"Dan ada juga yang berteriak ini, dan ada juga yang berteriak itu, sebab jemaat itu kacau, dan kebanyakan dari mereka tidak tahu apa sebabnya mereka berkumpul."
Kisah Para Rasul pasal 19 membawa kita pada salah satu peristiwa paling dramatis dalam pelayanan Rasul Paulus di kota Efesus. Ayat 32 menjadi saksi bisu kekacauan yang melanda kota tersebut, sebuah gejolak yang dipicu oleh kebencian dan ketakutan terhadap ajaran baru yang dibawa oleh Paulus dan para pengikutnya. Peristiwa ini menyoroti bagaimana penyebaran Injil sering kali menemui perlawanan sengit, terutama ketika menyentuh kepentingan ekonomi dan tradisi yang sudah mengakar kuat.
Di Efesus, pusat pemujaan Dewi Artemis (Diana bagi orang Romawi), terdapat industri yang sangat bergantung pada pembuatan patung-patung dewi tersebut. Demetrius, seorang pembuat patung perak, memimpin sekelompok pengrajin yang merasa terancam oleh ajaran Paulus. Mereka melihat bahwa semakin banyak orang yang berpaling dari dewi Artemis dan percaya kepada satu Allah yang sejati, semakin sedikit pula permintaan terhadap produk-produk mereka. Ini adalah ancaman langsung terhadap mata pencaharian dan status sosial mereka.
Demetrius secara cerdik memanfaatkan ketidakpuasan ini. Ia mengumpulkan para pengrajin dan para penyembah Artemis lainnya, menyulut kemarahan mereka dengan mengatakan bahwa ajaran Paulus tidak hanya merusak bisnis mereka tetapi juga menghina kehormatan Dewi Artemis yang agung. Seruan mereka menggema di jalan-jalan kota: "Besarlah Artemis orang Efesus!" Kerumunan massa pun terbentuk, dipimpin oleh Demetrius dan rekan-rekannya, mereka menyerbu tempat umum, khususnya gedung pertemuan tempat Paulus biasa mengajar atau di mana murid-muridnya berkumpul. Kata kunci Kisah Rasul 19 32 benar-benar terwujud di sini, menggambarkan suasana yang sangat tidak terorganisir dan penuh kebingungan.

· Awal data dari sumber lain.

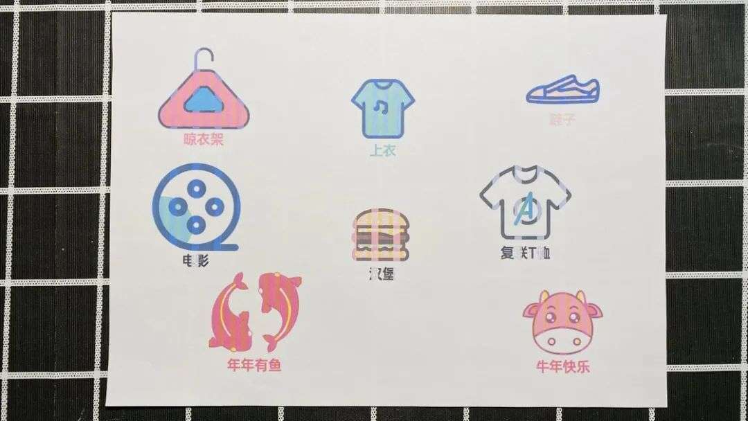 我打开看了一下后决定用一下它们。也恰逢我刚刚买了一台打印机,于是随便用 Keynote 做了一张图标大杂烩,用彩印打出来之后发现效果不错,就在今年沿用了这个方法。

Kekacauan yang timbul digambarkan dengan jelas dalam ayat ini. Massa yang digerakkan oleh emosi berteriak dengan berbagai macam seruan. Ada yang meneriakkan pujian untuk Artemis, ada yang mungkin meneriakkan kemarahan terhadap Paulus, dan ada pula yang sekadar ikut terbawa arus tanpa benar-benar memahami inti permasalahan. Ayat tersebut secara gamblang menyatakan, "kebanyakan dari mereka tidak tahu apa sebabnya mereka berkumpul." Ini adalah ciri khas kerumunan yang digerakkan oleh propaganda dan emosi, bukan oleh pemahaman yang mendalam. Mereka bertindak berdasarkan desas-desus, ketakutan, dan hasutan.
Situasi menjadi sangat genting ketika dua rekan Paulus dari Makedonia, Gayus dan Aristarkhus, ikut terseret ke dalam arena. Paulus sendiri sempat ingin menghadapi massa, namun para pengikutnya, termasuk para pemimpin sinagoge, melarangnya. Mereka telah memahami bahaya yang mengintai.

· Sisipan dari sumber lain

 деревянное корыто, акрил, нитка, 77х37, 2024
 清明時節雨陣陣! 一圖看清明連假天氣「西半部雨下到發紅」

Untungnya, kekacauan ini tidak berlanjut lebih jauh berkat campur tangan juru tulis kota (γραμματεὺς). Juru tulis tersebut berhasil menenangkan massa dengan mengingatkan mereka akan hukum Romawi dan potensi hukuman dari pihak berwenang jika kerusuhan terus berlanjut tanpa alasan yang jelas. Ia juga menekankan bahwa Efesus dikenal sebagai penjaga kuil Artemis dan bahwa hal ini seharusnya menjadi kebanggaan mereka, bukan alasan untuk melakukan kekerasan.
Kisah Para Rasul 19:32 ini memberikan pelajaran penting tentang bagaimana kebenaran Injil sering kali berbenturan dengan kepentingan duniawi dan kebiasaan yang telah lama ada. Peristiwa di Efesus menunjukkan kekuatan emosi massa yang mudah diprovokasi, serta pentingnya pemahaman yang benar dan ketenangan di tengah badai. Meskipun ancaman itu nyata, pelayanan Paulus di Efesus tetap berlanjut setelah gejolak mereda, membuktikan bahwa iman yang sejati mampu bertahan di tengah berbagai cobaan dan tantangan. Ayat ini menjadi pengingat bahwa di balik keramaian dan teriakan, seringkali ada kebingungan dan kurangnya pemahaman, sebuah realitas yang masih relevan hingga kini dalam berbagai konteks sosial dan keagamaan.